Avatar's perceived lack of cultural footprint is exactly what endears me to it: I haven't had a chance to be sick of it. I assumed this was James Cameron's plan all along: starve the dogs then feed them four steak dinners. People bitch about Avatar being forgettable but only because Cameron - I'm sure defying the wishes of Fox - refused to flood the market with watered down insta-sequels, animated TV shows, spin-offs, comic-books and videogames. (The Avatar theme park, due to open at Walt Disney World Resort in 2017, is the one exception, although opening eight years after the film's release is almost heroically brave/stupid). For a director who wields such bleeding edge technology, James Cameron's approach with the Avatar universe was refreshingly old fashioned: leave us wanting more.

And he wrote it in such a way that he doesn't even have to cast Sam Worthington again.


Sadly, that's not a thing any more. We want more, yes, but we want it NOW. We literally want the next movie teased before the movie we're currently watching has even finished.

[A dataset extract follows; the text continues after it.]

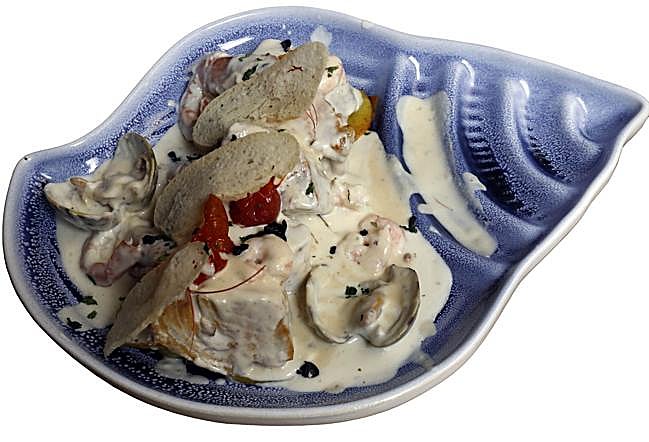 Ingredientes: 300 gramos de bonito. 50 g. de almejas. 50 g. de langostinos. 60 g. de carne blanca de crustáceo. 60 g. de carne de oricios. 500 g. de crema de nata. Sal al gusto.

We have to wait nine years for an Avatar sequel? Fuck you James Cameron for making us think about our own mortality. We have become a generation of needy, eternally unsatisfied, chronic complainers, who don't know what we want, except that whatever it is, we want it yesterday. We whinge about new Star Wars movies. We whinge about two competing comic-book universes. We whinge about Harrison Ford returning to play Indiana Jones. Presumably every single one of you who have whinged about the Avatar sequels will be boycotting them, without seeing a single second of footage, turning your nose up on the basis of an announcement and a logo? Of course. If there's one thing internet nerds are, it's principled.

Here's the thing: the Avatar sequels are going to be fantastic at best, or at worst, fun but flawed - the only thing that can be relied on is that all of us will buy into the hype and go and see them. My prediction? Cameron will embrace VR technology in a groundbreaking way. Remember why it took him so long to release Avatar in the first place? He was waiting for the tech to catch up to his vision. With the likes of the Oculus Rift and competing systems on the horizon, you'd be a fool to bet against Cameron strapping us into headsets and dropping us right into the thick of the Pandoran jungle.

Even back in 2009, people claimed they felt disillusioned when they took off their rudimentary 3D glasses; imagine the effect ten years on, with 360 degree vision and total and utter envelopment, the thin line separating audience and screen removed entirely. That's exactly the kind of forward thinking that'll have Avatards like you and I lining up round the block.